**WORK INSTRUCTIONS:** Reproduce each record exactly, but exclude every picture.

[Source data]
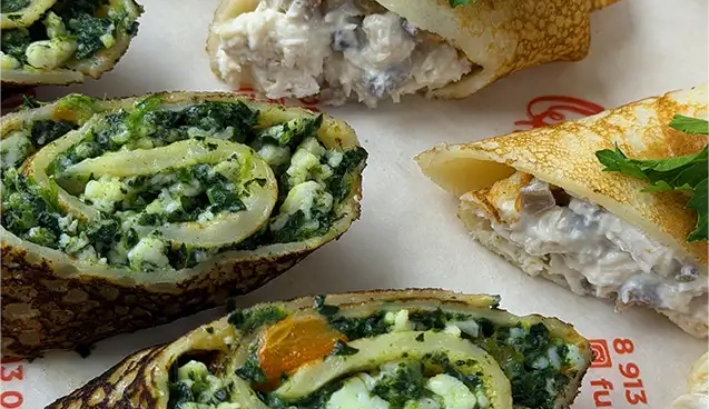 Цветные блинчики с творогом
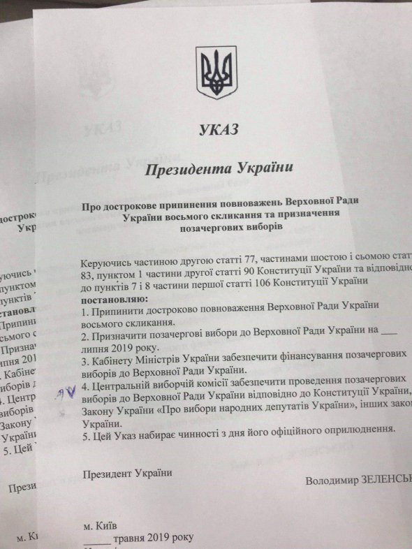 У командні новообраного президента ще не прийняли рішення щодо виборів, однак про всяк випадок підготували проект указу. Видання припускає, що команда Зеленського розглядає варіанти розпуску Верховної Ради і шантажу нардепів для їхнього примусу до співпраці.
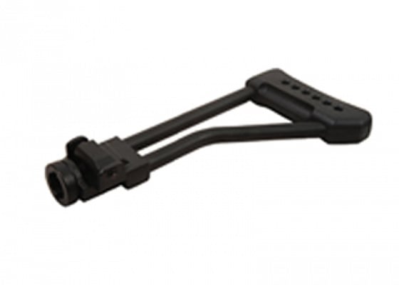 This folding stock is useful for builds that require a compact component installed. The metal construction is sturdy and well built to install onto most AEG M4 receivers. There is a rubber butt plate to ease the placement on your shoulder over a long period of time.
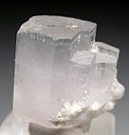 Glassy single Beryl crystal with a light pink (Morganite) body color and a blue (Aquamarine) termination. Complete all around and even has a small terminated crystal extending out the bottom. Rare specimen from an old granite quarry.
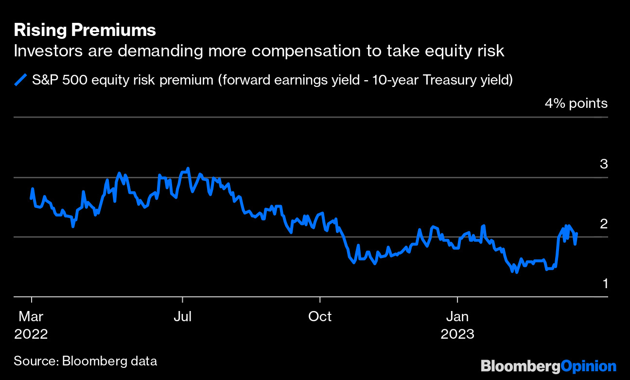 That new language helped bring Treasury yields sharply lower. In the past, such a move would have lit a fire under US stocks, but instead the S&P 500 Index fell 1.6%, with equity risk premiums rising higher on the day. All industry groups closed in the red, led by banks and real estate investment trusts. (Treasury Secretary Janet Yellen contributed to the selloff by saying regulators aren't looking to provide blanket deposit insurance to stabilize the banking system.)
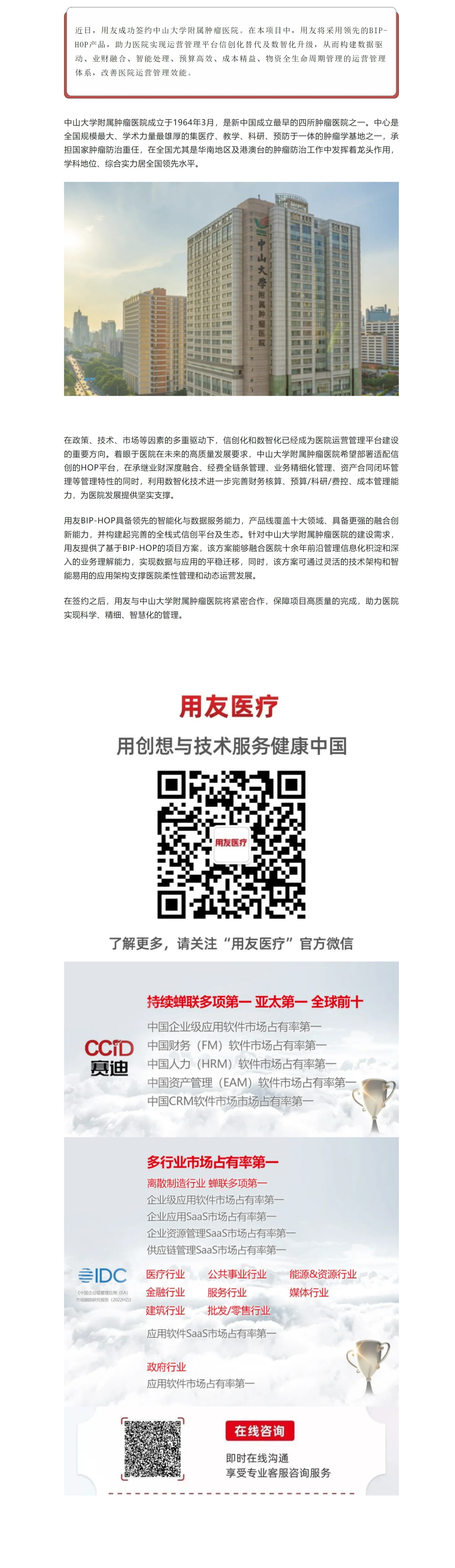 用友簽約中山大學(xué)附屬腫瘤醫(yī)院 助力運(yùn)營管理平臺(tái)信創(chuàng)化替代
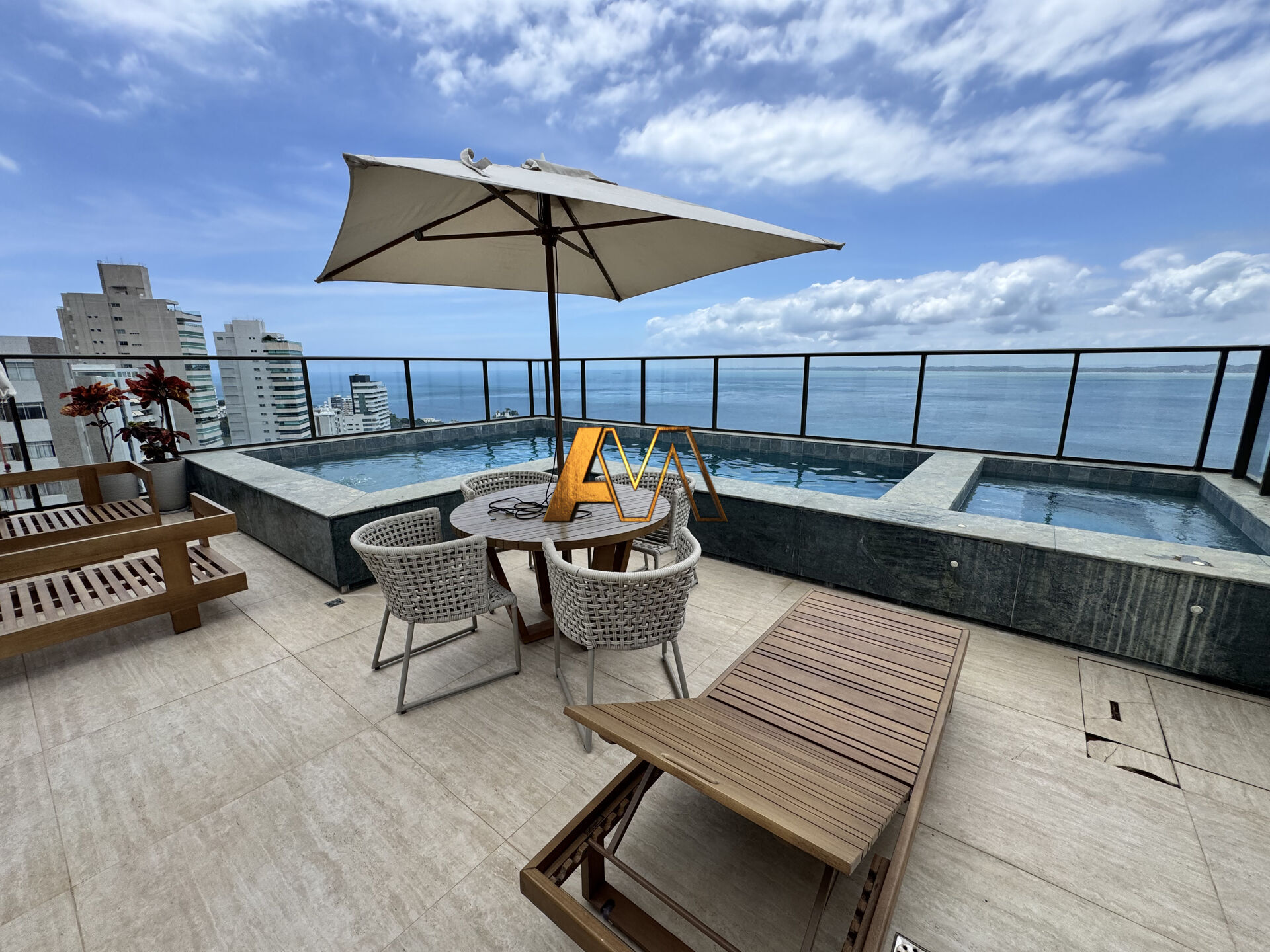 - Varanda com vista mar para a Baía de Todos os Santos.
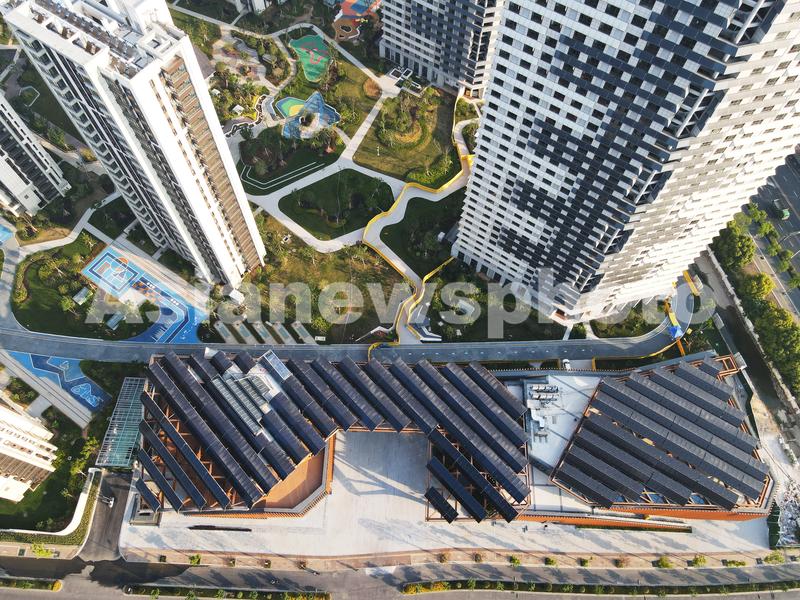 2022年5月17日拍摄的南京江北新区人才公寓一栋能发电的“木屋”。这栋“木屋”是江北新区人才公寓(1号地块)项目社区服务中心,屋面上结合屋顶木屋架布置太阳能板,采用“木结构+光伏发电系统”,实现整栋建筑零能耗及零碳排放,是中国第一栋装配式木结构零碳建筑。
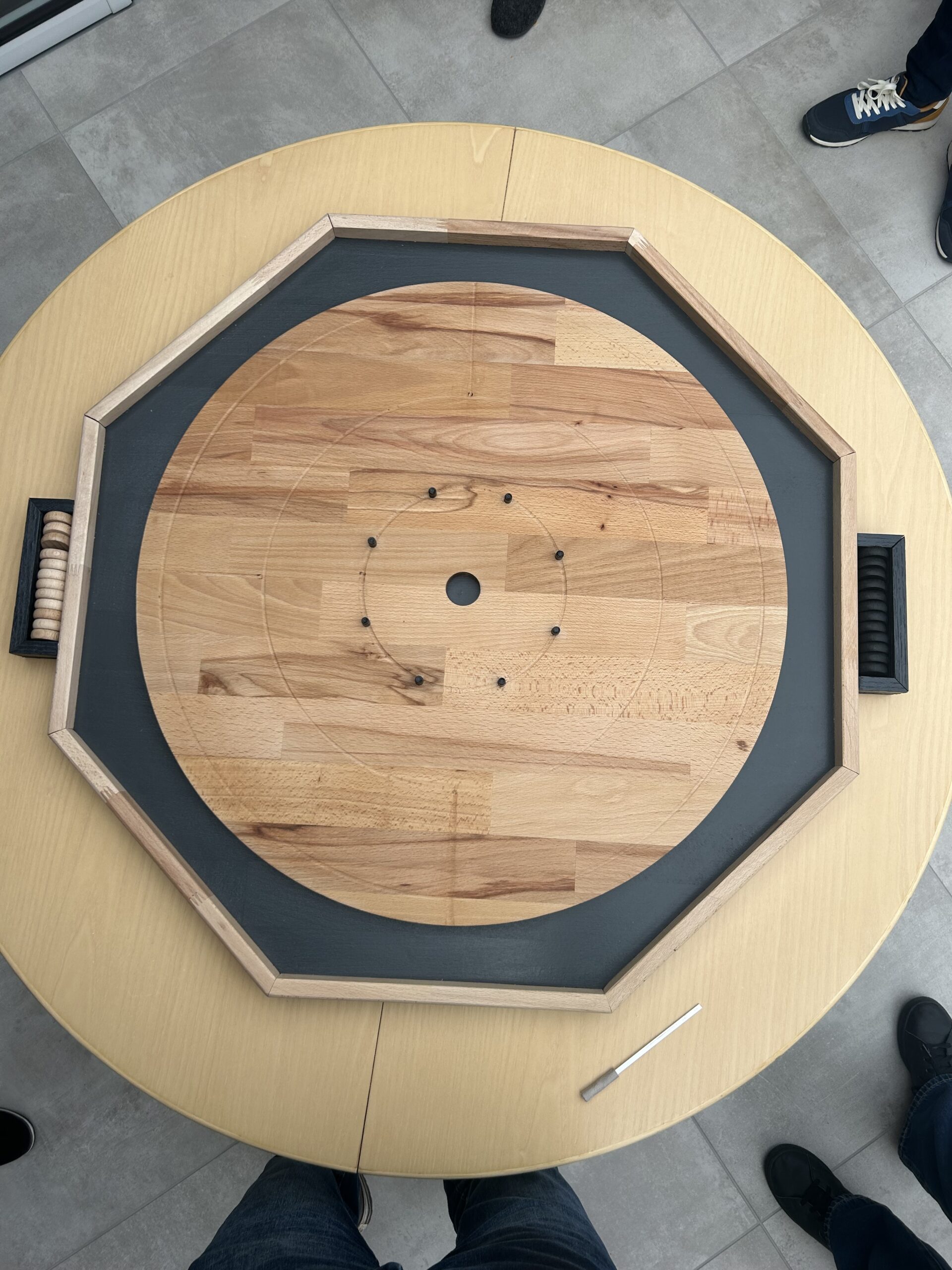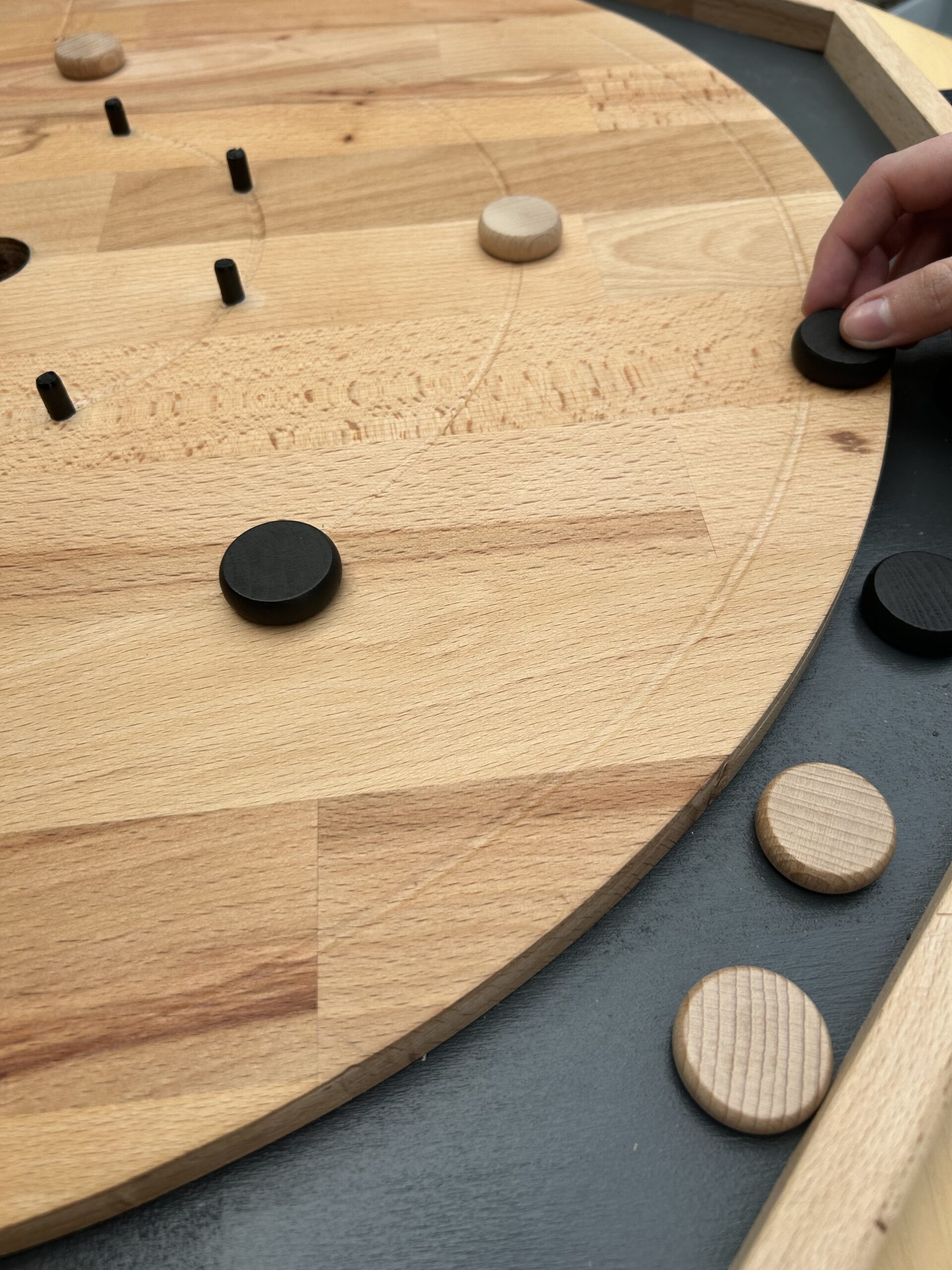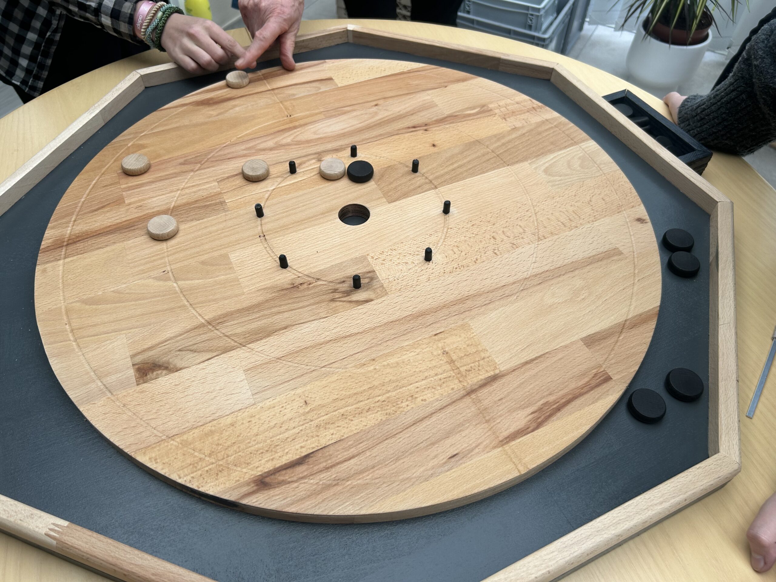 Le Crokinole est un jeu d’adresse et de dextérité. Il est très populaire en Amérique du Nord. Le principe étant de projeter ses palets par  » pichenette  » de l’index, en tentant soit de cibler la zone centrale, soit de sortir les palets adverses, selon la situation. (Règle en détail plus bas)
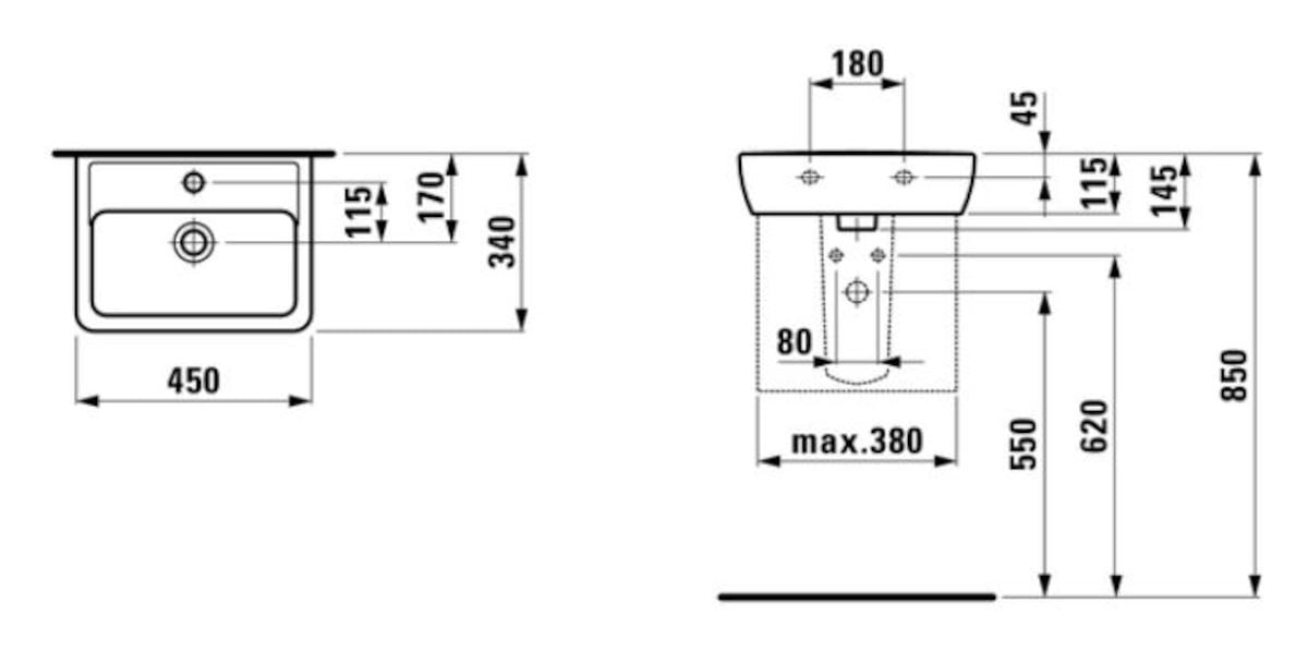 Umývátko Laufen Pro 45x34 cm otvor pro baterii uprostřed H8119514001041
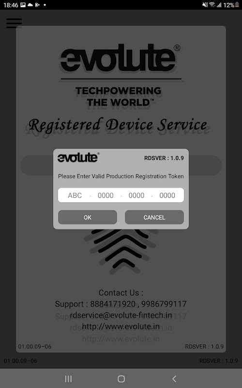 Ini adalah Terdaftar Perangkat Service (L0) untuk evolute Devices dengan Fingerprint Scanner untuk perangkat LEOPARD, FALCON, Impress, LILY dan IDENTI5 disediakan oleh Sistem evolute Pvt Ltd Aplikasi ini diperlukan untuk menggunakan perangkat dengan otentikasi Aadhaar. Aplikasi ini menangkap sidik jari sesuai pedoman UIDAI untuk Aadhar Otentikasi dan eKYC. RD Layanan untuk perangkat kami memungkinkan solusi Anda dan pengguna akhir untuk memvalidasi perangkat Fingerprint mereka dengan UIDAI dengan bantuan Server Management kami. Untuk mendaftarkan perangkat Finger print dengan UIDAI, Anda akan perlu berada dalam kepemilikan minimal satu unit perangkat evolute. Dengan meluncurkan aplikasi dan menghubungkan perangkat, layanan RD harus menyelesaikan proses yang diperlukan untuk mendaftarkan perangkat Anda dengan UIDAI. RD Layanan STQC bersertifikat sesuai UIDAI Terdaftar Perangkat Keterangan-v2.0.1. Perangkat dirancang untuk penggunaan sebagian santai sambil penempatan jari. Perangkat yang dibuat untuk menahan jumlah besar shock bahkan jatuh bebas dari per tes musim gugur. Dalam kasus kesalahan, Anda akan diberikan pesan kesalahan yang sesuai dengan yang Anda dapat mendekati meja bantuan kami seperti yang diberikan di bawah ini pada setiap hari kerja selama jam kantor.
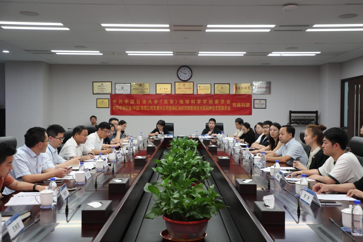 为全面贯彻落实习近平总书记关于能源安全新战略重要指示批示精神和科技创新的重要论述,深入推进党纪学习教育,创新党建活动载体,不断推动党建与科研深化融合,7月16日,中石大地球科学学院赴中海石油(中国)有限公司天津分公司渤海石油研究院勘探技术研究所开展党建共建活动,签署党建共建协议和地球科学科普教育基地暨大学生社会实践基地共建协议书,并为基地揭牌。
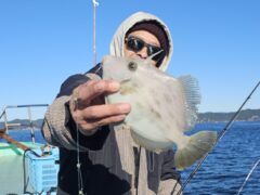 カワハギ乗り合いで出船。 カワハギ4枚~10枚。 アカハタが船中7匹。

**TASK SOLUTION:**
 Цветные блинчики с творогом
 У командні новообраного президента ще не прийняли рішення щодо виборів, однак про всяк випадок підготували проект указу. Видання припускає, що команда Зеленського розглядає варіанти розпуску Верховної Ради і шантажу нардепів для їхнього примусу до співпраці.
 This folding stock is useful for builds that require a compact component installed. The metal construction is sturdy and well built to install onto most AEG M4 receivers. There is a rubber butt plate to ease the placement on your shoulder over a long period of time.
 Glassy single Beryl crystal with a light pink (Morganite) body color and a blue (Aquamarine) termination. Complete all around and even has a small terminated crystal extending out the bottom. Rare specimen from an old granite quarry.
 That new language helped bring Treasury yields sharply lower. In the past, such a move would have lit a fire under US stocks, but instead the S&P 500 Index fell 1.6%, with equity risk premiums rising higher on the day. All industry groups closed in the red, led by banks and real estate investment trusts. (Treasury Secretary Janet Yellen contributed to the selloff by saying regulators aren't looking to provide blanket deposit insurance to stabilize the banking system.)
 用友簽約中山大學(xué)附屬腫瘤醫(yī)院 助力運(yùn)營管理平臺(tái)信創(chuàng)化替代
 - Varanda com vista mar para a Baía de Todos os Santos.
 2022年5月17日拍摄的南京江北新区人才公寓一栋能发电的“木屋”。这栋“木屋”是江北新区人才公寓(1号地块)项目社区服务中心,屋面上结合屋顶木屋架布置太阳能板,采用“木结构+光伏发电系统”,实现整栋建筑零能耗及零碳排放,是中国第一栋装配式木结构零碳建筑。
 Le Crokinole est un jeu d’adresse et de dextérité. Il est très populaire en Amérique du Nord. Le principe étant de projeter ses palets par  » pichenette  » de l’index, en tentant soit de cibler la zone centrale, soit de sortir les palets adverses, selon la situation. (Règle en détail plus bas)
 Umývátko Laufen Pro 45x34 cm otvor pro baterii uprostřed H8119514001041
 Ini adalah Terdaftar Perangkat Service (L0) untuk evolute Devices dengan Fingerprint Scanner untuk perangkat LEOPARD, FALCON, Impress, LILY dan IDENTI5 disediakan oleh Sistem evolute Pvt Ltd Aplikasi ini diperlukan untuk menggunakan perangkat dengan otentikasi Aadhaar. Aplikasi ini menangkap sidik jari sesuai pedoman UIDAI untuk Aadhar Otentikasi dan eKYC. RD Layanan untuk perangkat kami memungkinkan solusi Anda dan pengguna akhir untuk memvalidasi perangkat Fingerprint mereka dengan UIDAI dengan bantuan Server Management kami. Untuk mendaftarkan perangkat Finger print dengan UIDAI, Anda akan perlu berada dalam kepemilikan minimal satu unit perangkat evolute. Dengan meluncurkan aplikasi dan menghubungkan perangkat, layanan RD harus menyelesaikan proses yang diperlukan untuk mendaftarkan perangkat Anda dengan UIDAI. RD Layanan STQC bersertifikat sesuai UIDAI Terdaftar Perangkat Keterangan-v2.0.1. Perangkat dirancang untuk penggunaan sebagian santai sambil penempatan jari. Perangkat yang dibuat untuk menahan jumlah besar shock bahkan jatuh bebas dari per tes musim gugur. Dalam kasus kesalahan, Anda akan diberikan pesan kesalahan yang sesuai dengan yang Anda dapat mendekati meja bantuan kami seperti yang diberikan di bawah ini pada setiap hari kerja selama jam kantor.
 为全面贯彻落实习近平总书记关于能源安全新战略重要指示批示精神和科技创新的重要论述,深入推进党纪学习教育,创新党建活动载体,不断推动党建与科研深化融合,7月16日,中石大地球科学学院赴中海石油(中国)有限公司天津分公司渤海石油研究院勘探技术研究所开展党建共建活动,签署党建共建协议和地球科学科普教育基地暨大学生社会实践基地共建协议书,并为基地揭牌。
 カワハギ乗り合いで出船。 カワハギ4枚~10枚。 アカハタが船中7匹。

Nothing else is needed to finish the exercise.